# America's Future??



## huntin1 (Nov 14, 2003)

If our liberal friends have their way, I'm thinking that this will be where we are at sometime in the next four years:










Sad.

huntin1


----------



## omegax (Oct 25, 2006)

Define "socialist" for me...


----------



## Longshot (Feb 9, 2004)

omegax said:


> Define "socialist" for me...


----------



## huntin1 (Nov 14, 2003)

Yep, that'll do it. ^^^ A picture's worth a thousand words, ehh.

huntin1


----------



## MSG Rude (Oct 6, 2003)

:withstupid:


----------



## huntin1 (Nov 14, 2003)

omegax said:


> Define "socialist" for me...


omegax, just in case Longshot's pic doesn't explain it clearly enough for you.......

The Washington Times

DE SILVA: Socialism in disguise
Obama's Third-World radicalism
Ian de Silva
Tuesday, October 28, 2008

http://www.washingtontimes.com/news/200 ... -disguise/

Intoxicated by the mantra of change, those who support Sen. Barack Obama appear to be gleeful about the new era that would come if he won. But is America such a fundamentally flawed country that it needs the kind of change that Mr. Obama promises? If you answer yes, then you have no idea how good a country this is compared to the rest of the world.
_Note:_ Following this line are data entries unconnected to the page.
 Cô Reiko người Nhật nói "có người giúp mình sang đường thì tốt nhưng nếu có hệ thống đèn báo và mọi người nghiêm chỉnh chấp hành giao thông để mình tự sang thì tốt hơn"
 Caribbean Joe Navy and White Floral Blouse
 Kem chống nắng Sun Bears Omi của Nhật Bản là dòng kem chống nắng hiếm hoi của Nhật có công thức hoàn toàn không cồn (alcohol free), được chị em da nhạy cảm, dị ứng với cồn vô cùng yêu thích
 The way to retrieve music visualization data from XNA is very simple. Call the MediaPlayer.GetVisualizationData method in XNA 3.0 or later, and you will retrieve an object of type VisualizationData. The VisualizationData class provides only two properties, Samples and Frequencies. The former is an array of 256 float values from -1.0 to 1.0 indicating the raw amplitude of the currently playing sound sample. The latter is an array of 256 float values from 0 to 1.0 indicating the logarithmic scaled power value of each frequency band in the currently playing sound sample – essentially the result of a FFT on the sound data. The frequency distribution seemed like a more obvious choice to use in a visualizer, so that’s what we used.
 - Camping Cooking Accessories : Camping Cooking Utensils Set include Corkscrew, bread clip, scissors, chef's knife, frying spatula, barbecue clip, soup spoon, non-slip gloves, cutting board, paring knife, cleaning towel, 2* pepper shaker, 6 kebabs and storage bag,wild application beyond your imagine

As a naturalized American who grew up in the Third World and experienced firsthand the economic misery and impenetrable corruption under socialism, I know socialism when I see it - and I see socialism in Mr. Obama's plans. He has skillfully disguised his socialist agenda by an oratorical cloak of populism. So, just as it takes an alert eye to spot the proverbial wolf in sheep's clothing, it takes an experienced eye to spot the incipient but insurgent socialism inside Mr. Obama's agenda.

Among the indubitable indicators of Mr. Obama's socialist beliefs is his tax plan. Most notably, he wants to tax the Dickens out of people who make more than $250,000 a year so that the government can then turn around and give that money to poor people, either as tax rebates or as services. That is Mr. Obama's plan to spread the wealth - and that is socialism - i.e., government-enforced redistribution of wealth to people whether they earned it or not. Once he started at $250,000, who says he would stop there? Pretty soon, he could hit those who make $50,000 a year.
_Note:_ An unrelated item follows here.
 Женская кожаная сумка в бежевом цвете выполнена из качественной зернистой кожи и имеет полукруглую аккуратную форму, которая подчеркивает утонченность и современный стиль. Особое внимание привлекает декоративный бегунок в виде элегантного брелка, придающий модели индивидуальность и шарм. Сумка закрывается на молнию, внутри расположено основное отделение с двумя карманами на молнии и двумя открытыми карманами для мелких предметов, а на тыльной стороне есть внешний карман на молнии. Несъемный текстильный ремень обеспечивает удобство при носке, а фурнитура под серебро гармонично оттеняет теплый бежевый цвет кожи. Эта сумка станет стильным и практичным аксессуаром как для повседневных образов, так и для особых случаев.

Mr. Obama's harangues on denuding the rich are typical of many Third-World politicians, who, despite being well-off themselves (Mr. Obama is himself a millionaire, after all), somehow manage to bamboozle the masses into electing them on the premise that the rich are the villains.

Mr. Obama's plan to spread the wealth by taking it from the rich and giving to the poor may sound good to liberals, but in the end, it will not please anyone. Spreading wealth is somewhat like spreading a stick of butter - spread it over too many slices of bread and pretty soon nobody can taste the butter.

The trouble with those who support socialism is that their anti-capitalist fervor has so overtaken their common sense that they fail to ask themselves how America got the high standards of living that it has. The things that most Americans take for granted - advanced medicine, safe food, air-conditioned homes, cars with automatic transmission, cell phones etc. - did not come from socialist countries. Instead, those inventions were made possible thanks to capitalism - the idea that those who are entrepreneurial should reap the benefits of their ingenuity.

Of course, the recent collapse of Wall Street is hardly the milieu in which one should tout capitalism's blessings. But the whole of capitalism cannot be judged by a few bad weeks coming after decades of prosperity. After all, you would not say the typical weather in Florida is terrible merely because it has gotten a Category 5 hurricane once in several decades, would you? Even the poorest Americans have better access to higher-quality services than millions of people living in the Third World. For instance, clean water is a luxury in many parts of the world. The police will protect you only if you bribe them. The schools will educate your children only if you belong to the ruling political party. Thankfully, none of those things are the prevailing reality in America.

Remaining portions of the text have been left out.